Tierra de nadie

Sé que sé

Escudo del CNI en una bandera de la sede del centro de inteligencia.

Escudo del CNI en una bandera de la sede del centro de inteligencia.

Juan José Millás

Juan José Millás

Al bajar las escaleras del metro en dirección a mi andén me di cuenta de que un tipo seguía disimuladamente a otro. Los dos eran de mediana edad, delgados, uno de ellos vestido con ropas deportivas; el otro, como si trabajara en una compañía de seguros. El perseguidor era este último. Cogieron el mismo tren que yo, de modo que pude observarlos a gusto y montarme historias sobre si el primero sería un marido infiel y el segundo un detective privado, o si aquel un agente ruso y este un espía del CNI. Me dio lástima quedarme ahí, como si no hubiera más posibilidades, pero estas son las que nos han servido el cine y las novelas y a ellas nos atenemos dócilmente.

Al poco, detecté en el perseguido un movimiento de inquietud.

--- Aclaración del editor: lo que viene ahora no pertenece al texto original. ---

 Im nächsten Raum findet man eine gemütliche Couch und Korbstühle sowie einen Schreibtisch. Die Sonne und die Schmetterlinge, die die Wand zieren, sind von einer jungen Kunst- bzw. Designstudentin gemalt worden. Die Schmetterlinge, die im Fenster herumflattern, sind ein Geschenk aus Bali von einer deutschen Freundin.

Me pregunté si sospechaba que estaba sometido a vigilancia, pero luego, en una observación más cuidadosa, advertí que su cautela tenía que ver con el hecho de que él, a su vez, seguía a una mujer, también de mediana de edad, muy arreglada, en la que yo no había reparado hasta el momento. Me pregunté si todos, en aquel vagón, formábamos una cadena de perseguidos y de perseguidores, por lo que miré en derredor y descubrí a un tipo que volvió la cara cuando nuestras miradas estaban a punto de cruzarse. Este, el que daba la impresión de seguirme a mí, era el más joven de todos y llevaba una sudadera con capucha.

Curiosamente, los cuatro nos bajamos en Gran Vía y prácticamente en fila. Pero me metí en el edificio de la radio, donde tenía una reunión de trabajo a la que llegaba con retraso, y no pude averiguar en qué habría terminado la cosa de haber tenido libre la mañana. De todos modos, no dejé de pensar en ello el resto del día. Me dio la impresión de que había tropezado con una de las hebras que componen el tejido de la realidad. Una hebra desde la que era imposible reconstruir toda la malla sobre la que se sostiene el mundo. Me juré estar más atento a los mensajes del exterior, pues suelo ir bastante ensimismado y me pierdo a veces lo mejor. Se lo dije esa misma tarde a mi psicoanalista:

-Sé que sé, pero no sé qué es lo que sé.

-¿Se trata de una adivinanza? -preguntó ella.

-Un enigma -respondí-, y estuvimos dándole vueltas al asunto toda la sesión (50 minutos: 70 euros. Otro misterio).